* _WHAT THIS TASK INVOLVES_:
Without including any pictures, reproduce the full listing exactly.

* _DATA BLOCK_:
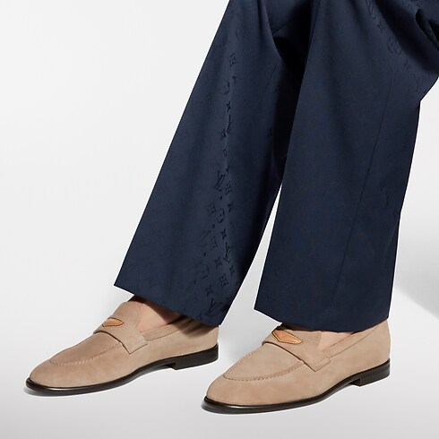 Terbuat dari bahan suede calf leather, LV Gent loafer menghadirkan desain yang halus sekaligus lentur melalui material berkualitas dan model sacchetto construction klasik. Strap pada bagian atas dilengkapi oleh insert dari bahan natural leather dengan emboss LV Initials dan aksen jahitan berwarna kuning, yang terinspirasi dari koleksi leather goods Rumah Mode.
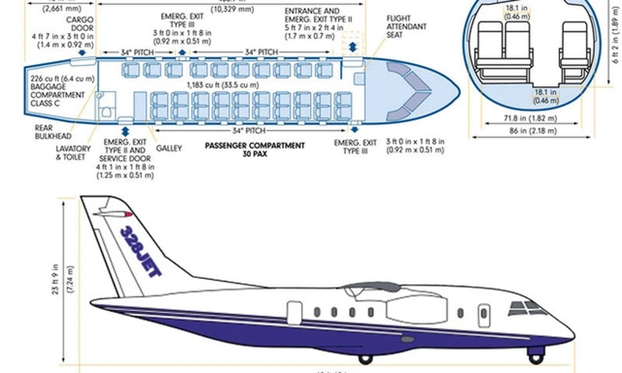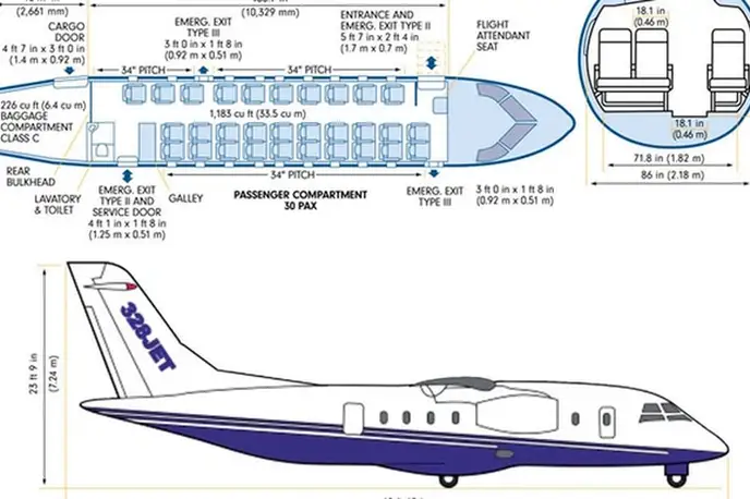 Dornier 328 N100UJ . The baggage compartment volume of 7.38 m³ can hold up to 22 large suitcases . The maximum flight range reaches 6300 km, depending on payload and weather conditions.
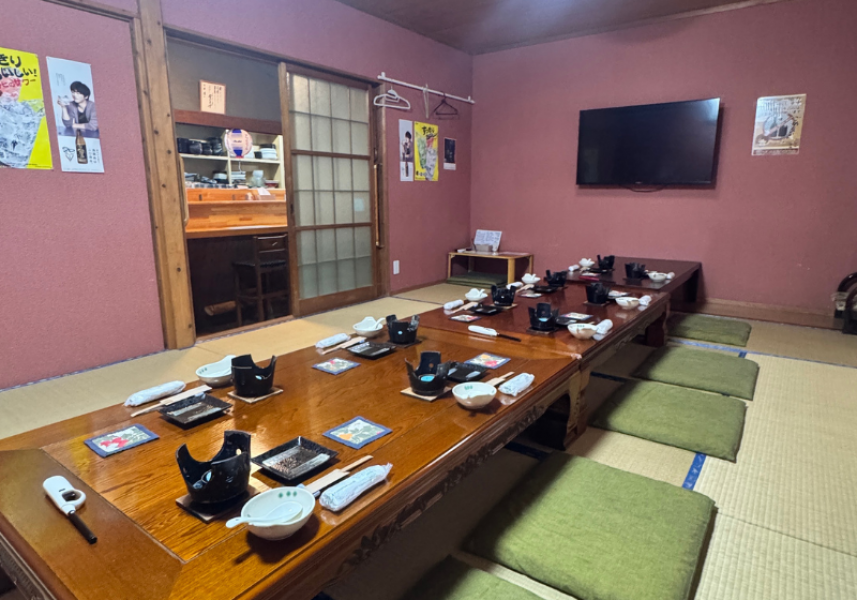 大きめのテレビを備えた2階席は、ふすまを外せば最大30名ほどまで対応可能。

* _ANSWER BOX_:
 Terbuat dari bahan suede calf leather, LV Gent loafer menghadirkan desain yang halus sekaligus lentur melalui material berkualitas dan model sacchetto construction klasik. Strap pada bagian atas dilengkapi oleh insert dari bahan natural leather dengan emboss LV Initials dan aksen jahitan berwarna kuning, yang terinspirasi dari koleksi leather goods Rumah Mode.
 Dornier 328 N100UJ . The baggage compartment volume of 7.38 m³ can hold up to 22 large suitcases . The maximum flight range reaches 6300 km, depending on payload and weather conditions.
 大きめのテレビを備えた2階席は、ふすまを外せば最大30名ほどまで対応可能。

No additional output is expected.